Clellan W. Fisher (October 14, 1861 – August 8, 1932) was an American architect. He began practice in Burlington, Vermont, in the late nineteenth century before relocating to Worcester, Massachusetts, in 1891 to join the practice of established architect Stephen C. Earle. After 1903 he practiced independently in Worcester until his retirement in 1928.

==Life and career==
Clellan Waldo Fisher was born October 14, 1861, in Barre, Vermont, to Alfred B. Fisher, a carpenter, and Ursula Fisher, née Holmes. Over the next two decades, Alfred Fisher obtained success as a contractor and was the builder of prominent buildings such as The Pavilion (1876, demolished) in Montpelier. A. B. Fisher drew the plans for many of the buildings he built and by 1881 was confident enough to open an office as an architect in Burlington, where the family had moved in 1878. His works in Burlington included the Howard Mortuary Chapel (1882, NRHP-listed) at Lakeview Cemetery. Clellan Fisher was educated at Barre Academy and the University of Vermont, graduating in 1884. At the University of Vermont Fisher was a member of the Phi Delta Theta fraternity and was the lyricist of "Champlain," the former College Song.
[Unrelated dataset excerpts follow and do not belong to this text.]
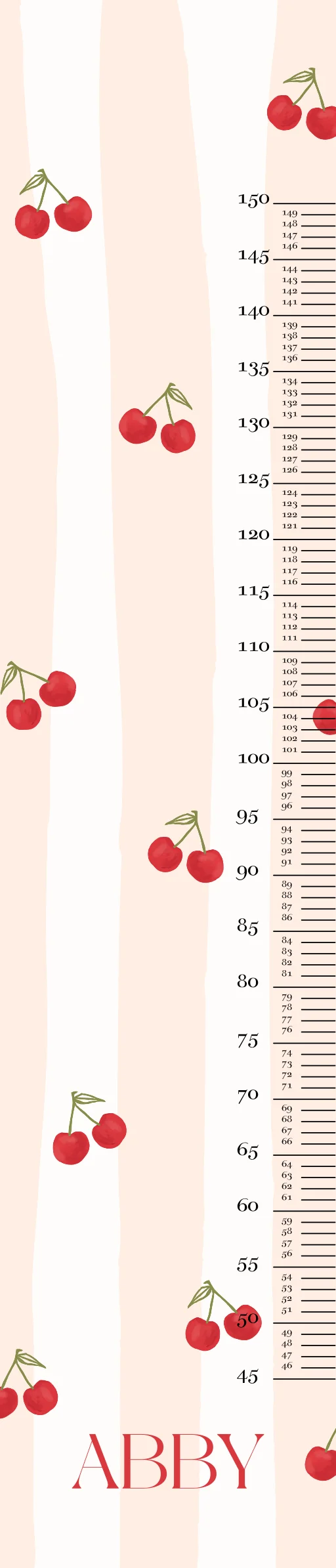 Wat een hippe groeimeter voor de kinderkamer. De groeimeter heeft pastel oranje strepen met daarop kersjes.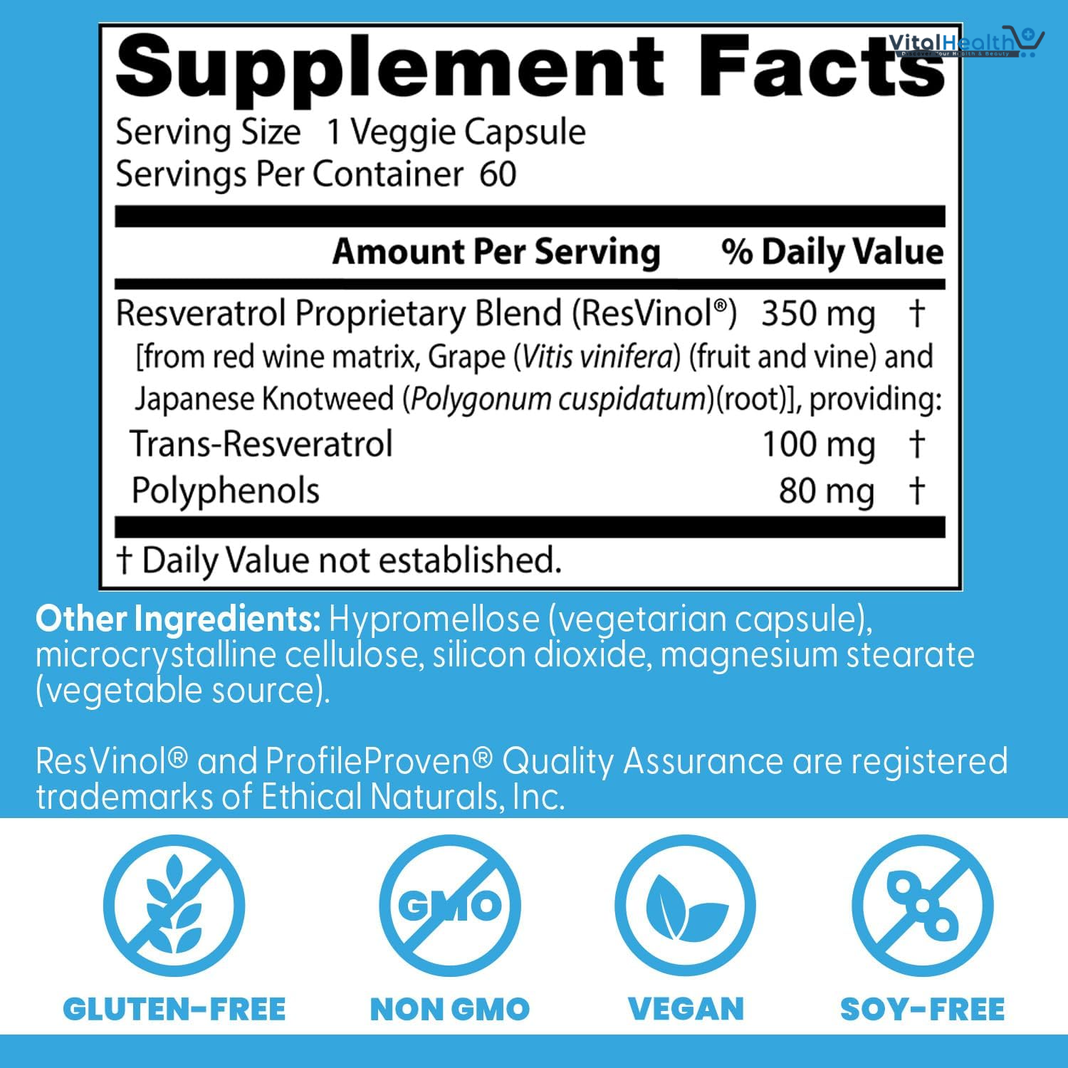 Trans-Rsveratrol 100 mg, Polyphenols 80mg (from red wine matrix (Grape(vitis vinifera)) and Japanese Knotweed (Polygonum cuspidatum)), Modfied cellulose (vegetarian capsule) rice flour, silicon dioxide, magnesium stearate (vegetable source).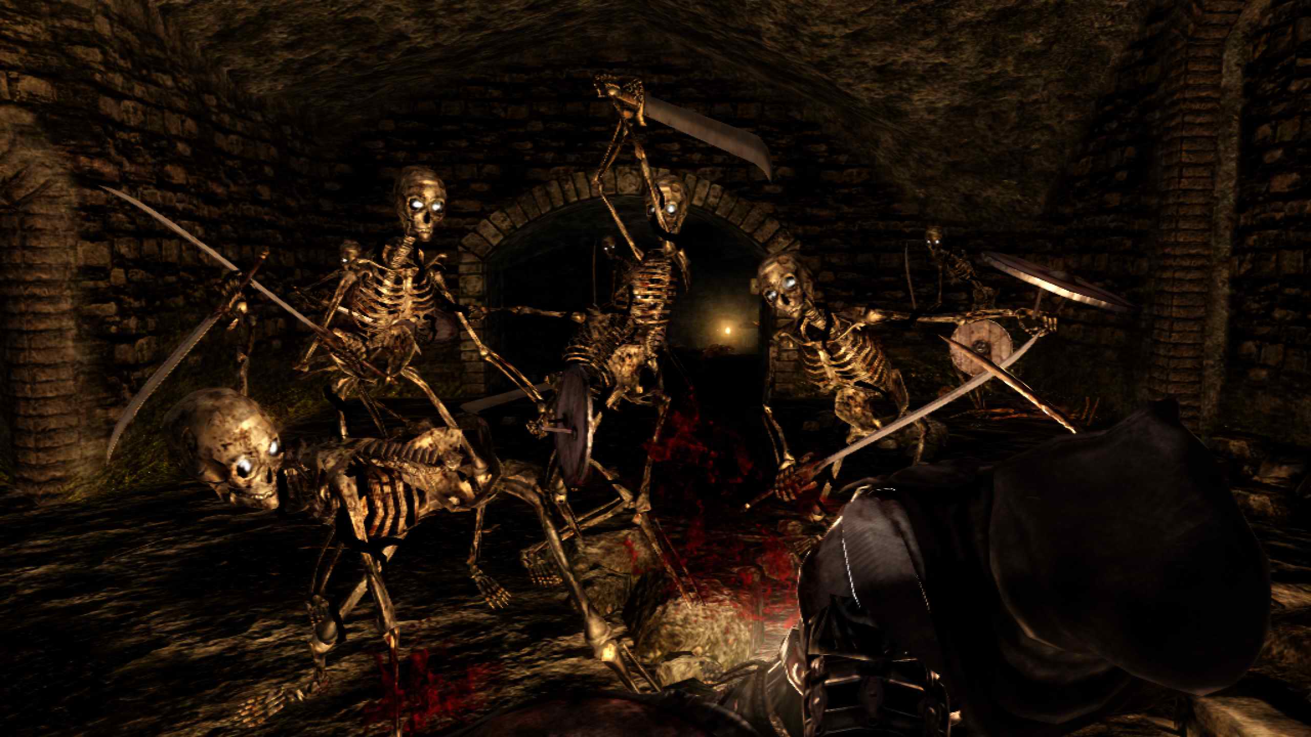 En résumé : Mais qui a éteint la lumière ?! Une ambiance à glacer le sang... Bon, le scénario est un peu léger comme on vient de le voir. En revanche côté ambiance c'est beaucoup plus travaillé : un monde sombre, inhospitalier et effrayant. L'impression de solitude nous suit tout au long de l'aventure. Le jeu se passe essentiellement à proximité d'une grande forteresse, et l'on pourrait penser au début que l'on aura vite fait le tour des décors. Mais que nenni madame (ou monsieur) ! Au fur et à mesure de l'exploration de cet univers labyrinthique totalement ouvert, de nouvelles zones deviennent accessibles, toujours plus grandes et plus dangereuses. Marécages, forêts, égouts, châteaux en ruines et autres seront de la partie. Les décors s'enchaînent sans chargements, ce qui est plutôt agréable, et les transitions se font la plupart du temps assez naturellement lors du passage d'une porte ou d'un ascenseur (à quelques exceptions près...). Un système de raccourcis (à déverrouiller) permet de pouvoir ré-accéder à des zones éloignées plus facilement depuis le centre de ce vaste monde.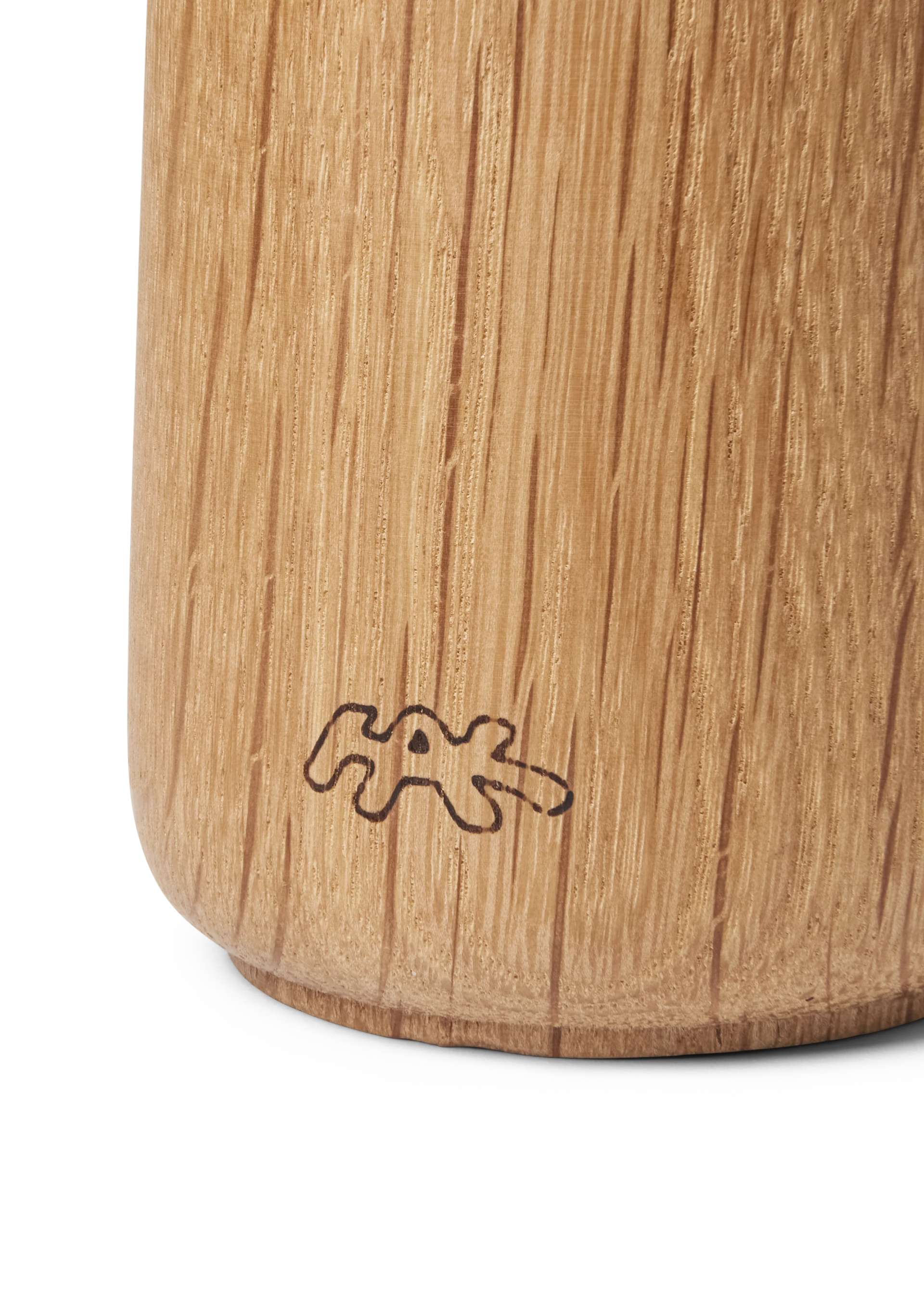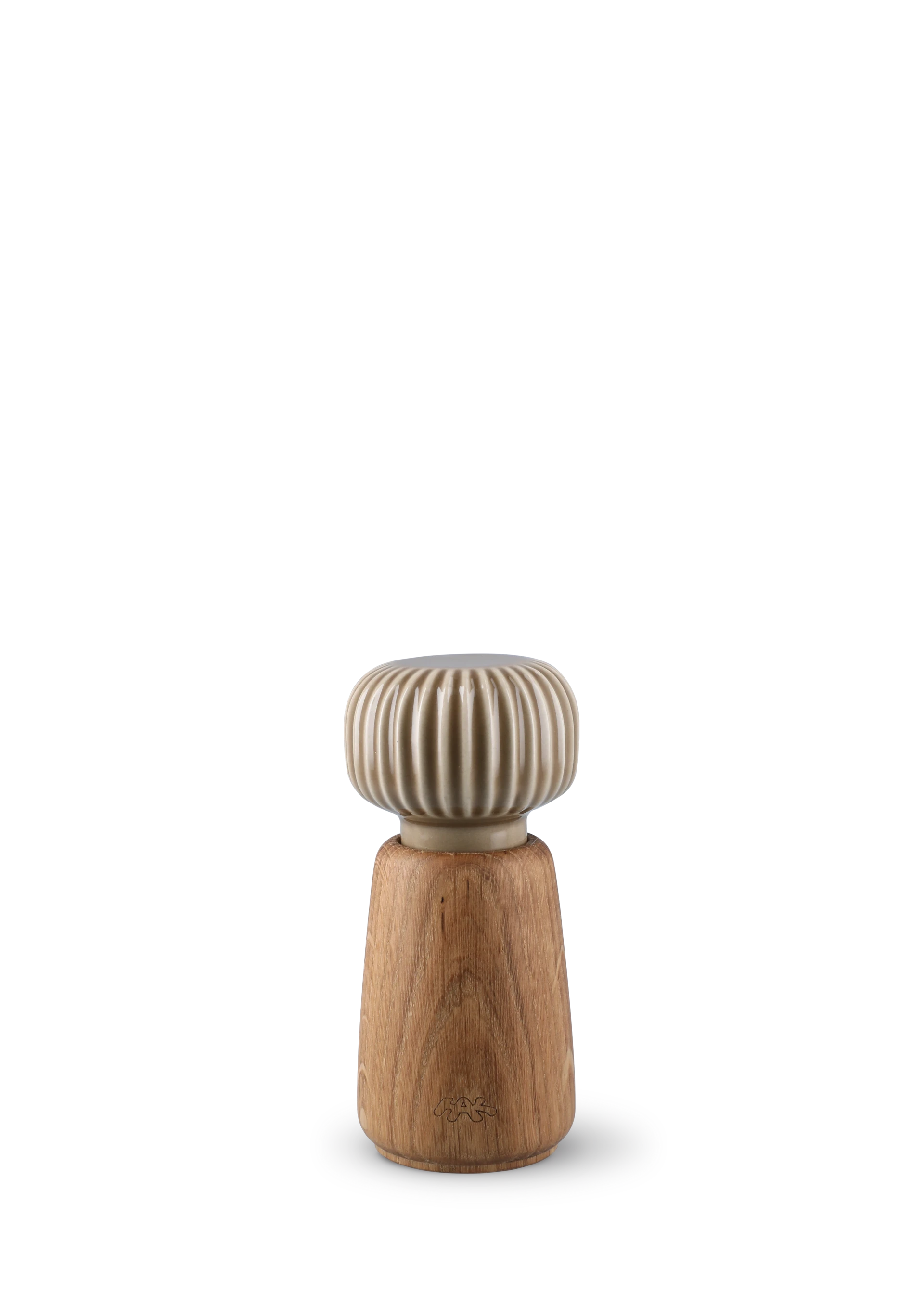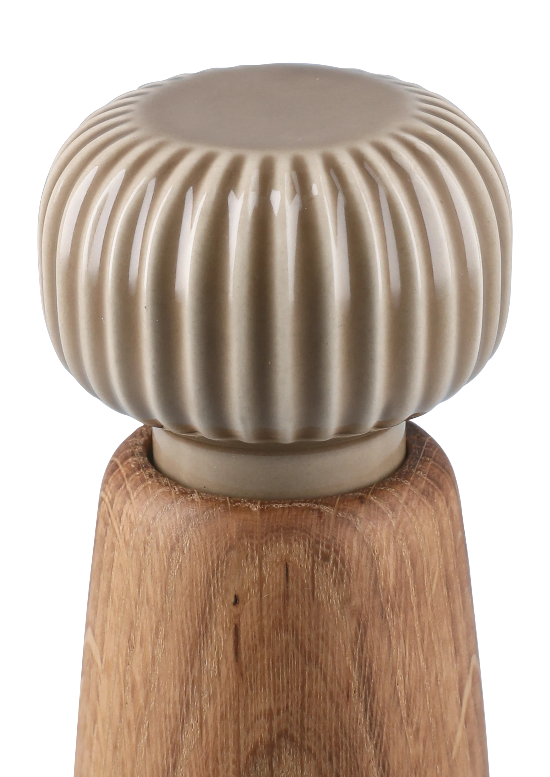 Elegant Hammershøi-kværn i FSC®-certificeret egetræ med keramisk knop i brun nuance og ikoniske riller.

By April 1884, Fisher had joined his father's businesses as a junior partner. A. B. Fisher had formally divided his architecture and contracting businesses, and operated as A. B. Fisher & Company, contractors and builders, and A. B. Fisher & Son, architects. Together the Fishers designed the Barre Opera House (1885, burned 1898) and the former Ethan Allen Engine Company No. 4 (1887, NRHP-listed) in Burlington. In March 1887 Fisher relocated to Albany, New York, to join architects Fuller & Wheeler. Shortly thereafter that firm was hired to design the new Burlington YMCA (1889, demolished). Fisher returned to Burlington in December 1888 and began practice for himself. His independent works in Burlington include the Weller Block (1889) on Church Street and the Burlington Trust Company Building (1891) on College Street.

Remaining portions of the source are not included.